BBC political editor Nick Robinson admits he would have stayed away from student politics if he’d realised he was to become a current affairs broadcaster.
“The truth is if I’d known I was going to do this job I would never have been involved in student politics,” said Robinson, who is a former president of the Oxford University Conservative Association.
“It is a constant issue in the sense that when people know they perfectly reasonably say ‘Well hold on a second, you can’t be impartial because you used to be involved in politics’.”
But while he agrees it’s not the ideal background for a BBC political broadcaster, Robinson was quick to point out that he is far from alone in having dabbled in politics in his youth.
“Many of my colleagues on air – I’m not going to do it but I can tell you what their political involvement was,” he said during a session to promote his new book, Live from Downing Street, at the Cheltenham Literature Festival.
“[BBC political commentator] Andy Marr very sweetly let me for the book… He got flack when he got this [BBC] job, from The Daily Mail, for being left wing and I said ‘Do you mind me writing about your views when you were a student?’
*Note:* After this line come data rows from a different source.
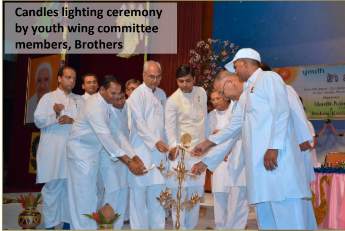
Candles lighting ceremony by youth wing committee members, Brothers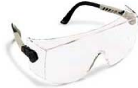
Over-Glasses Safety Lenses

It's important to remember that once you lose your sight, it is never coming back, so prevention of eye-related injuries is KEY . Safety glasses come in many forms, and can be worn alone, or larger sets can be purchased that will fit over your eyeglasses.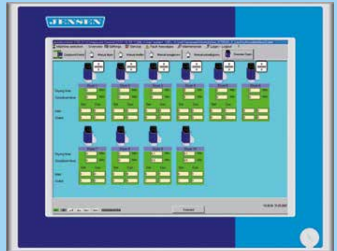
The dryer compound control connects all dryers with each other.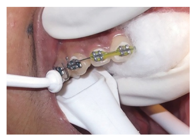
Figure 2 - Ozone irrigation in split-mouth format.

The gold standard for treatment of Class II malocclusions with maxillary excess is the use of extraoral appliances. External forces promote a redirection in bone growth by correcting these malocclusions. When applying orthopedic forces, it is necessary to use high magnitude forces in order to achieve orthopedic effect with little or no dental effect. However it is utopian to think that the teeth will not move when orthopedic forces are applied. Based on this assumption, studies have been carried out aiming to evaluate which are the dental movements after application of orthopedic force. Recently, a study<sup>5</sup> was conducted at the University of Tromso in which the canine eruption pathway was evaluated in patients using an extraoral appliance in arches with and without space. The results obtained with this study revealed that the treatment with an extraoral appliance in Angle Class II malocclusion in children affects the eruption of maxillary canines, leaving them to a more vertical direction. The authors point out that this change seems to be related to space conditions in the maxillary arch, especially in the intercanine region, with a greater effect in children with dental arches with space left over than in the presence of crowding.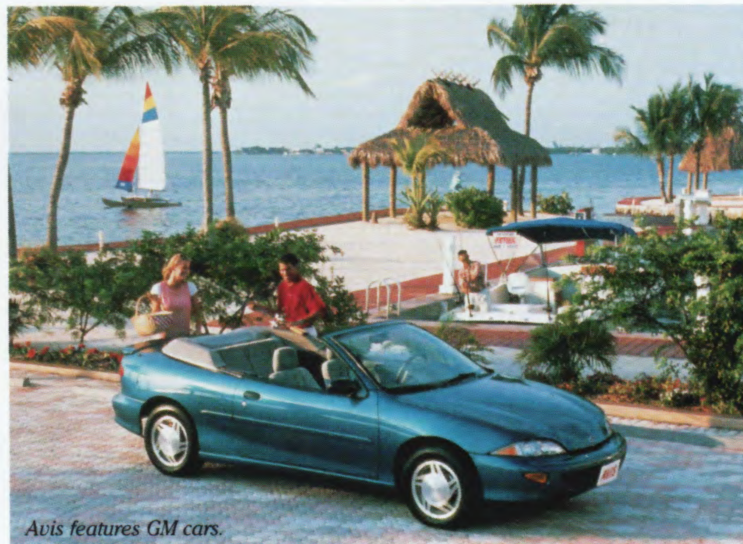
Avis features GM cars.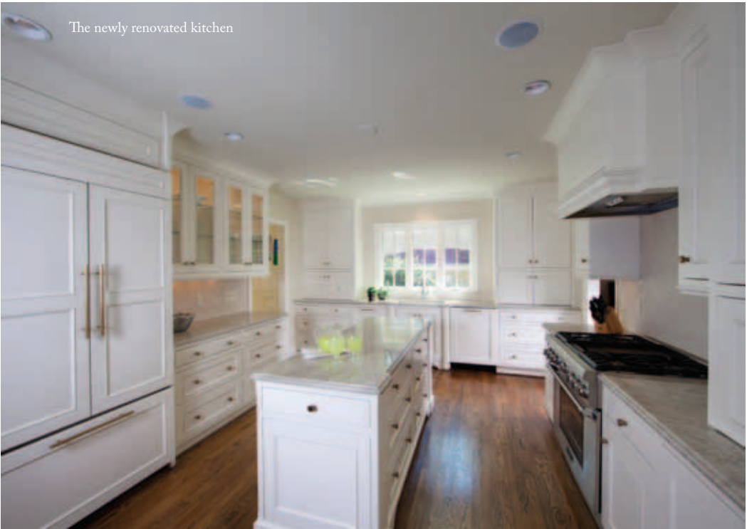
The newly renovated kitchen

A new master suite was created on the main level of the home, maintaining privacy, yet offering easy access to the home's core and great views of the backyard and added covered veranda. A trey ceiling was added to give elegance and spaciousness. The suite has double walk-in closets, and new bath, with stack-able washer dryer. The warmth of the hardwoods continues into the bath. The tub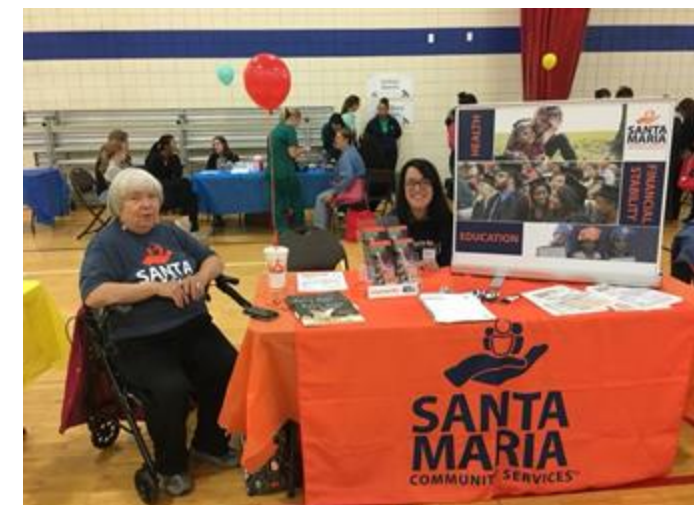
Booth at Biannual Santa Maria Health Fair

Language barriers associated with Hispanic, non-English-speaking patients are well documented, with Hispanic patients reporting lower levels of overall satisfaction with their medical care, specifically relating to the explanations they were given regarding prescribed medications and possible deleterious side effects. Furthermore, many non-English-speaking patients have reported they feel as though their doctor does not understand how they are feeling.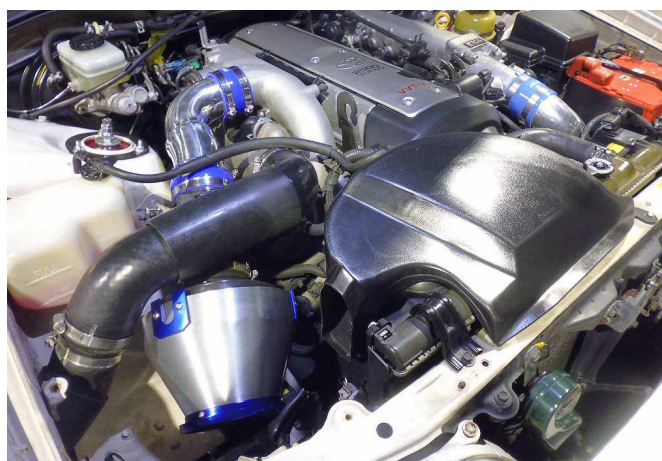
※Equipped with ADVANCE POWER AIR CLEANER (Sold Separately)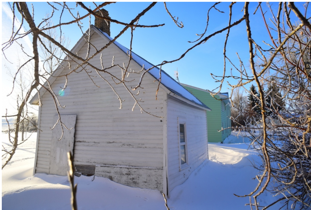
Figure 5: Site MAC-DM-17, Feature 2, view southeast (Image 6563).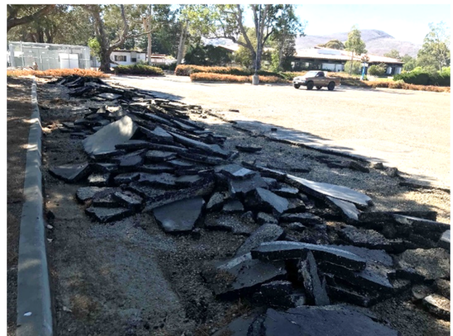
Parking Lot 2 Progress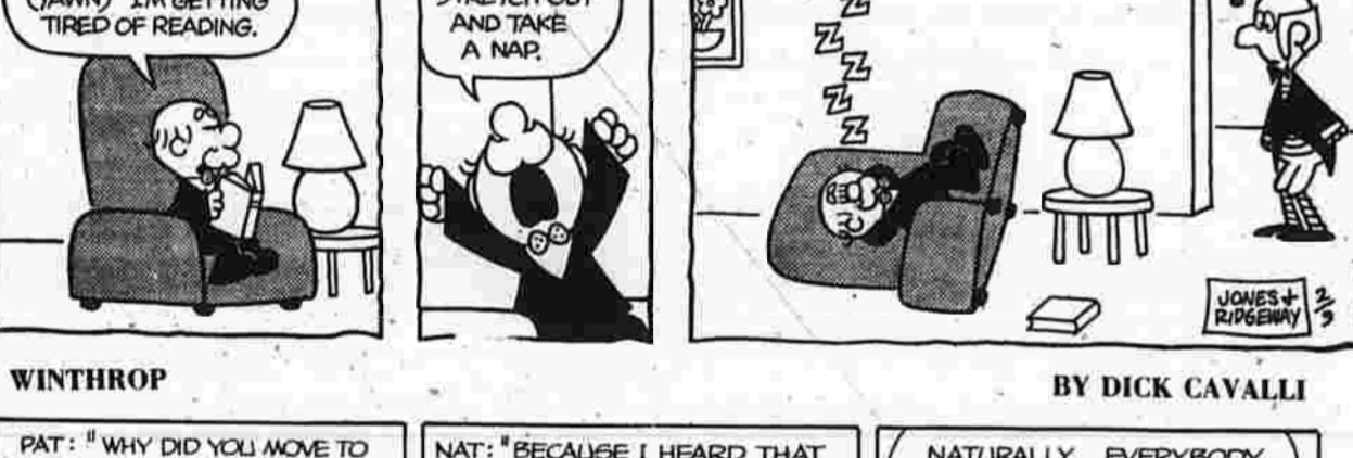
WINTHROP BY DICK CAVALLI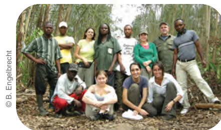
Members of the field campaign in Pointe-Noire.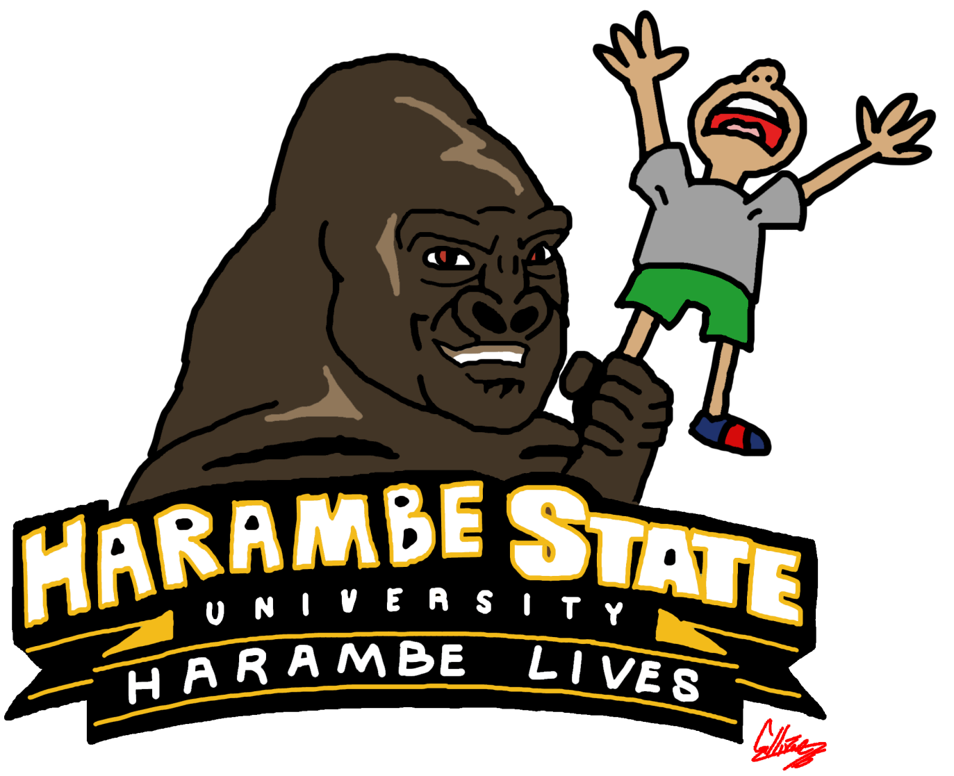
Illustration courtesy of Edward Gallivan/Staff Illustrator

Sports teams to be addressed as the Harambe State Harambes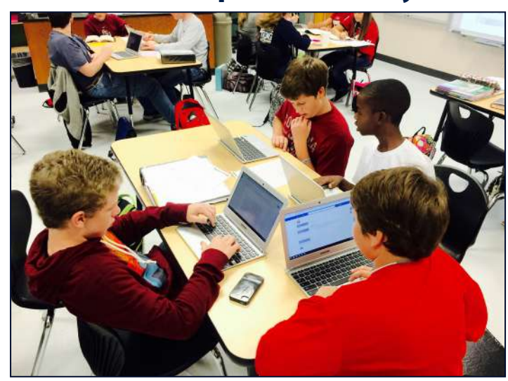
Sixth grade students work on technology in the classroom.

On January 5, 2015, Thomas County Upper Elementary and Thomas County Middle School will hold its second annual "Techno Expo." On this professional learning day, teachers will attend sessions in order to learn how to integrate technology into their classrooms.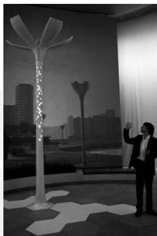
Fig. 2. Philips Blossom lamp

However, there are more possibilities. Philips has developed a design for Blossom smart solar lamps, also equipped with wind turbines (Fig. 2). This type of element can decide whether it is able to get more energy out of wind or the sun, and adjusts to the most efficient position. Moreover, the use of LED lamps led to a significant reduction in energy consumption at night, when they have the task of illuminating the streets. The special paving, which generates energy by pressure, is also noteworthy. Installing these panels around a bus or tram stop can produce sufficient electricity to light it through the night. Savings will be enormous, given the amount of such shelters exist in each major city.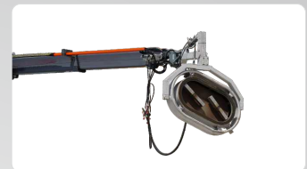
Rust removal operation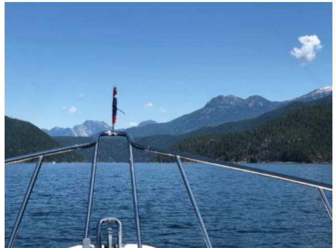
Time to swim in the warm water!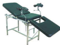
Gynaecological Examination Coach

“He was a Maoist, who gave out copies of the Little Red Book!”
Marr, who returned to his Sunday-morning BBC1 political programme last month after suffering a stroke in January, has written in the past about the need to remain “studiously neutral” when delivering news reports but has also admitted that the BBC has a “cultural liberal bias”.
On the issue of impartiality, Robinson said: “In the end either you watch us and assume we’re going to tell you as best we can, or you think we’re on this side or that. I just do my best to tell it as I think it needs to be done.”